**EXERCISE INSTRUCTIONS**
Please copy exactly the line containing "A yellow post-it" and every line after it, through the last line of the records below, leaving out all pictures.

**DATA SUPPLIED**

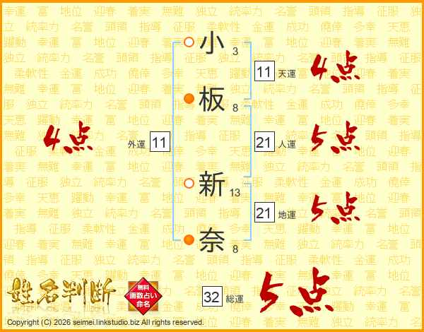 小板新奈さんの総運は32画の5点!
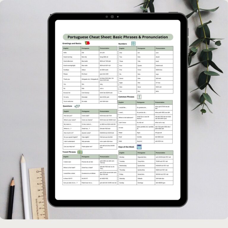 Portuguese Cheat Sheet — Free Printable (English + Phonetics)
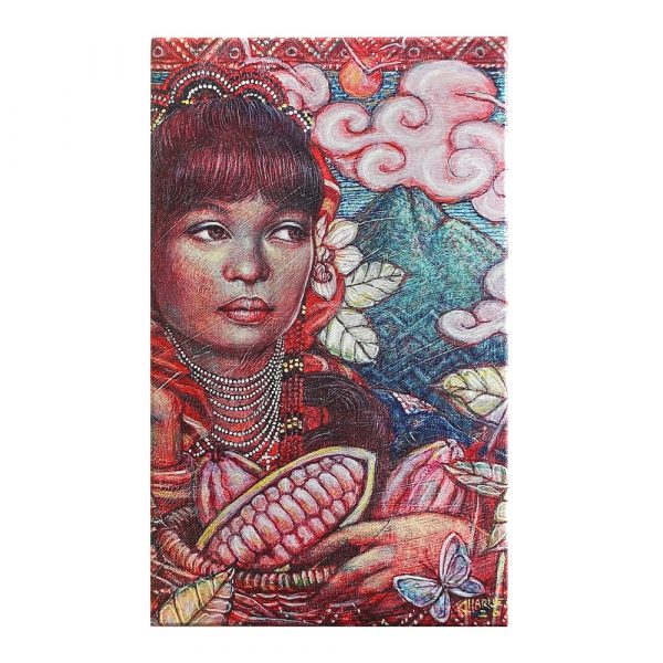 The beautiful art used on the cover of the bar was painted by Filipino-Canadian artist Charlie Frenal. Born in Polomolok, South Cotabato, Philippines, Charlie currently resides in Vancouver BC and has won multiple awards for his artwork that highlights Filipino culture and the beauty of nature.
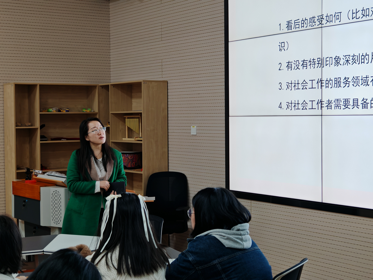 在交流讨论环节,同学们针对影片积极发言。有同学提出,作为社会工作者我们需要有一颗强大的内心,因为社工的工作是面向社会困难人群的,社工需要面对大量的真实社会案例,必须加强我们自身的压力管理和情绪处理。郑老师针对同学的感触,提出社工要具备一定的沟通能力和处理不良情绪的能力,要在工作中接纳服务对象,同时要及时处理自己的负面情绪,保持自己的心理健康。
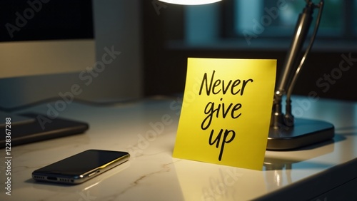 A yellow post-it with "Never give up" on a marble desk, accompanied by a desk lamp and smartphone, inspiring resilience and perseverance.
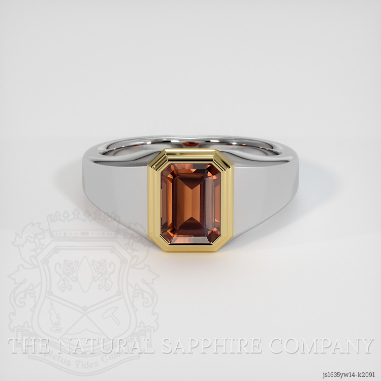 The men's ring features a beautiful, transparent 1.71 carat emerald cut shape brown tourmaline with the dimensions of 8.01 x 5.90 x 4.31 mm and a emerald cut. It has a clarity grade of eye clean (evaluated at eye level), intense color saturation, and an excellent polish. The origin of this tourmaline is Mozambique.

**OUTPUT BELOW**
 A yellow post-it with "Never give up" on a marble desk, accompanied by a desk lamp and smartphone, inspiring resilience and perseverance.
 The men's ring features a beautiful, transparent 1.71 carat emerald cut shape brown tourmaline with the dimensions of 8.01 x 5.90 x 4.31 mm and a emerald cut. It has a clarity grade of eye clean (evaluated at eye level), intense color saturation, and an excellent polish. The origin of this tourmaline is Mozambique.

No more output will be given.